# Double basket on Amazon the same as Happy Donkey?



## autopilot (Apr 4, 2013)

http://www.amazon.co.uk/Gaggia-Stainless-Pressurised-Espresso-Machines/dp/B004ZER1TA/ref=sr_1_1?ie=UTF8&qid=1365188873&sr=8-1&keywords=Gaggia+classic+basket

In the description it says "Stainless Double filter basket. *Allows the use of ESE 12/14g 55mm coffee pods* on your Gaggia espresso machine."

Is this a normal double basket, as sold on Happy Donkey, or is it only for pods?

Thanks


----------



## The Systemic Kid (Nov 23, 2012)

Doesn't look like a ridged stock Gaggia basket. Have a look at CoffeeHit. They do a pukka Gaggia one for a fiver plus postage.


----------



## Glenn (Jun 14, 2008)

These are much better than the standard Gaggia Baskets (which are the same as the ones on Happy Donkey)

http://www.coffeehit.co.uk/la-marzocco-basket-17g/p863

I appreciate they are double the price but once you have used them you will never want to back to standard baskets


----------



## autopilot (Apr 4, 2013)

Thanks for the replies. Still unsure if the item on Amazon is ok or it's only for pods. Or do they do both?


----------



## Glenn (Jun 14, 2008)

This will work with ESE pods but better to use a specific filter basket for pods (shallower and smaller extraction area)


----------



## autopilot (Apr 4, 2013)

Glenn said:


> This will work with ESE pods but better to use a specific filter basket for pods (shallower and smaller extraction area)

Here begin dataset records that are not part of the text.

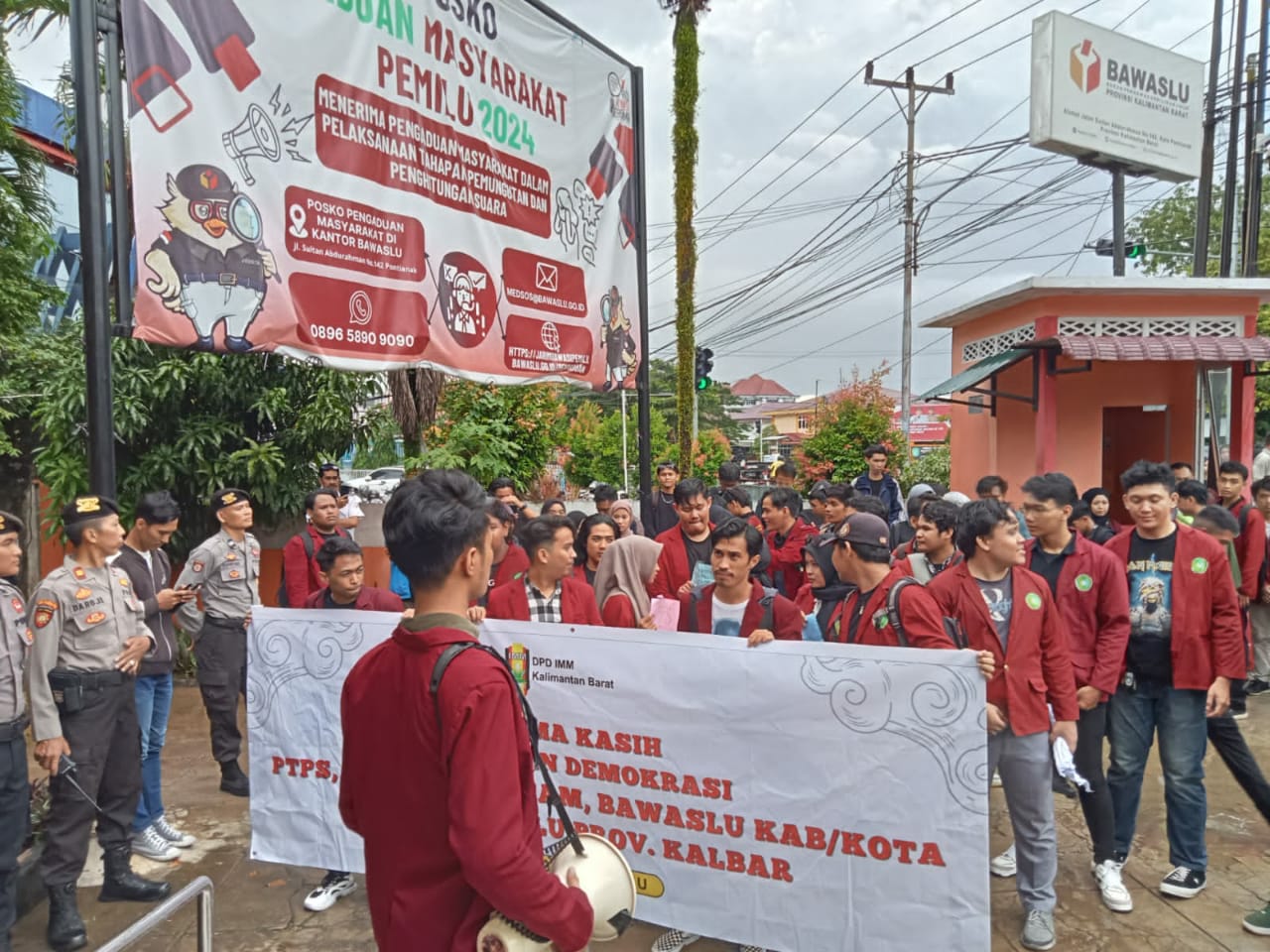 FOTO - Ratusan Massa IMM Kalbar Gelar Aksi Damai bertajuk "Terimakasih Pahlawan Demokrasi" di Depan Kantor KPU dan Bawaslu. (IST)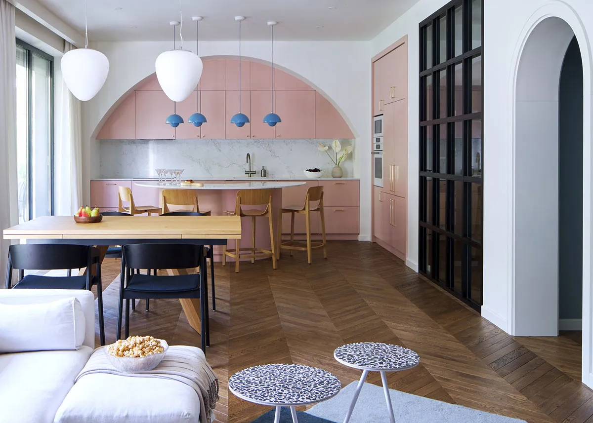 Różowa kuchnia z arką i kolorowymi akcentami: mieszkanie dla młodej rodziny w Almaty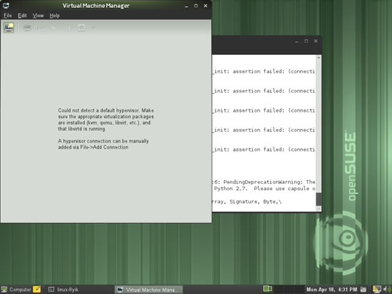 When you start virt-manager for the first time, you will most likely see the following message (Could not detect a default hypervisor.). You can ignore this because we don't want to connect to the local libvirt daemon, but to the one on our OpenSUSE 11.4 KVM host.
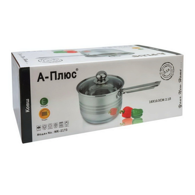 Ківшик виготовлений з високоякісної нержавіючої сталі, яка гарантує практичність, довговічність і бездоганний зовнішній вигляд посуду. Багатошарове 5слоев дно дозволяє рівномірно розподіляти і значно довше зберігати тепло по стінках і дні посуду, що запобігає пригоранню їжі і забезпечує швидше приготування блюд. Кришка з термостійкого скла дає можливість контролювати процес приготування без втрати тепла. Мірна шкала дає можливість точніше підбирати інгредієнти. Акумуляція тепла при закритій кришці створює замкнутий цикл пароутворення, що дозволяє готувати в такому посуді без використання олії і води або ж з їх мінімальною кількістю, а також дозволяє зберегти натуральний смак продуктів. Підходить для різних типів плит, а також індукційних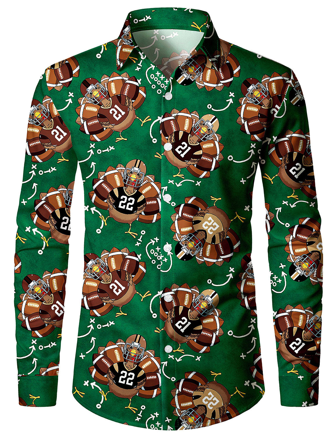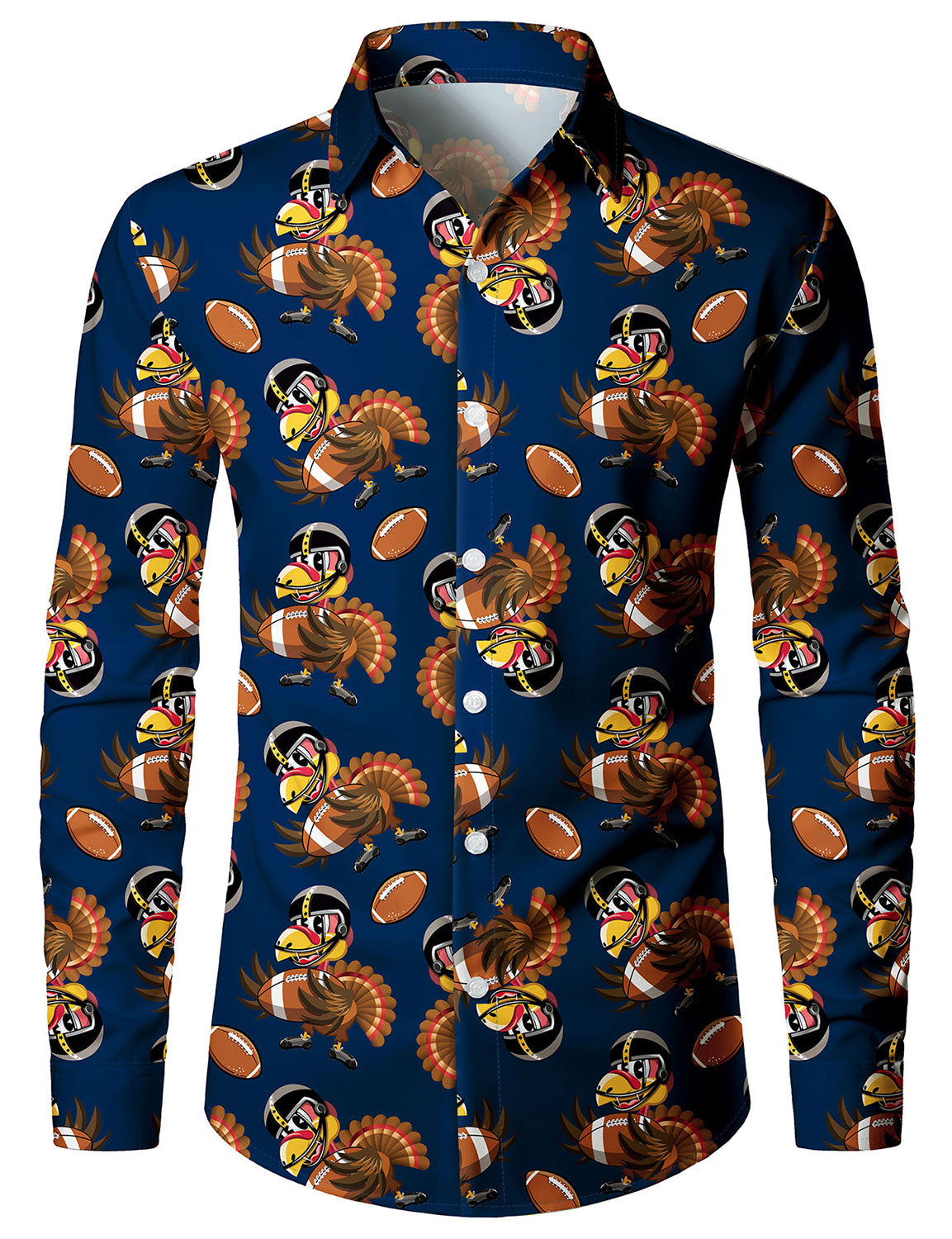 Men's Cute Thanksgiving Turkey Football Holiday Button Long Sleeve Shirt

Cheers. Not actually interested in pods, just wondering if its as good as the Happy Donkey one?


----------



## Glenn (Jun 14, 2008)

Without seeing it and holding it hard to tell

For reliability go with Happy Donkey or CoffeeHit.


----------



## rodabod (Dec 4, 2011)

Glenn, do you really reckon the La Marzocco and VST baskets are noticeably superior to "standard" baskets?

I don't really have any extraction problems which I can see currently with my standard basket, so I just can't really see how it could make much difference. Maybe I should just give it a go.


----------



## Glenn (Jun 14, 2008)

If you're happy with the current baskets then no 'need' to change. It can create a level of frustration whilst getting used to these baskets also.

But the answer is yes. Would I go back to the stock baskets? No chance!


----------



## rodabod (Dec 4, 2011)

I think I might to try one out, given that they aren't too pricey. I can get shot of it on here if I don't notice a great improvement!

Thanks.


----------



## oversleep (Nov 2, 2012)

I use this one... http://www.gallacoffee.co.uk/acatalog/double-filter-basket.html

I have no chance to compare this with others....

However, the basket looks sturdy and well build.


----------